# [Work to complete]
The material below includes pictures; leave them out and return only the lines between the line containing "A person adding" and the line containing "Nach dem Training duscht Huang sein Pferd.", inclusive, word for word.

# [Data]
# # # #
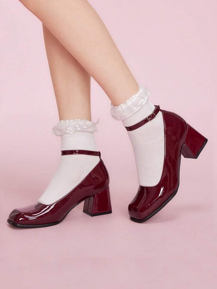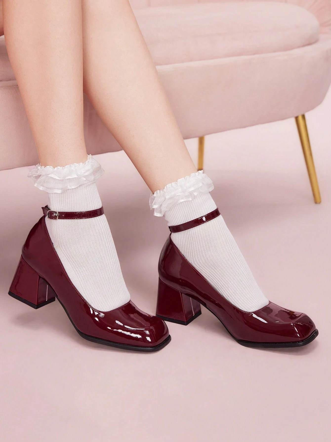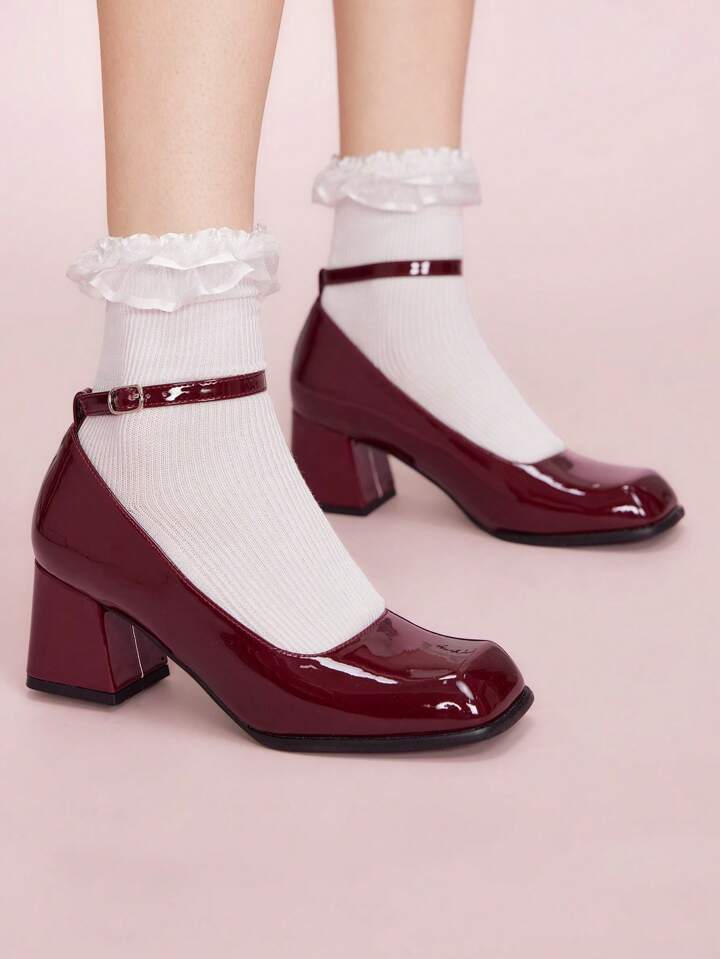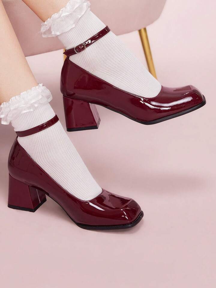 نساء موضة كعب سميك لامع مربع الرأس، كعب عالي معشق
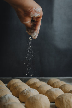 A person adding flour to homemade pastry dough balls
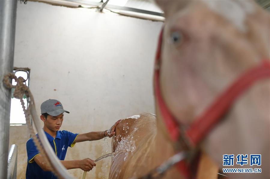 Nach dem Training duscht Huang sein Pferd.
# # # #
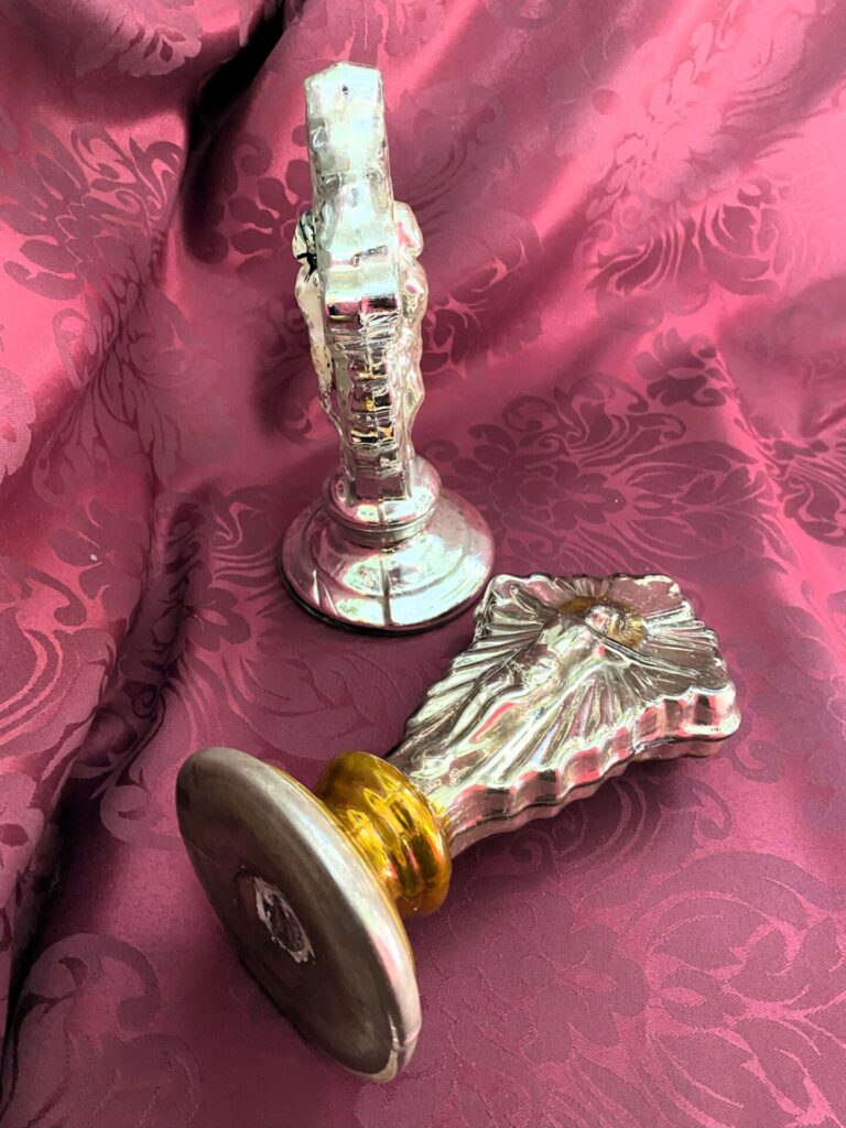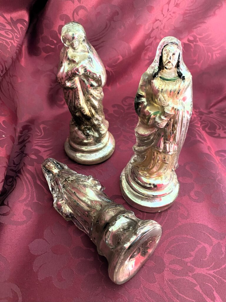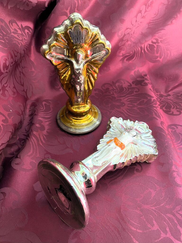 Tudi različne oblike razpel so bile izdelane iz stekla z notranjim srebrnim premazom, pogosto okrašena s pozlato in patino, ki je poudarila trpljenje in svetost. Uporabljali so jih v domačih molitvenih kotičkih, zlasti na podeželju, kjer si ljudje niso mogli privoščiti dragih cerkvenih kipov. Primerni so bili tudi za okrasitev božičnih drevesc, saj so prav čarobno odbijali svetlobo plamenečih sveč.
# # # #
# [Exercise result]
 A person adding flour to homemade pastry dough balls
 Nach dem Training duscht Huang sein Pferd.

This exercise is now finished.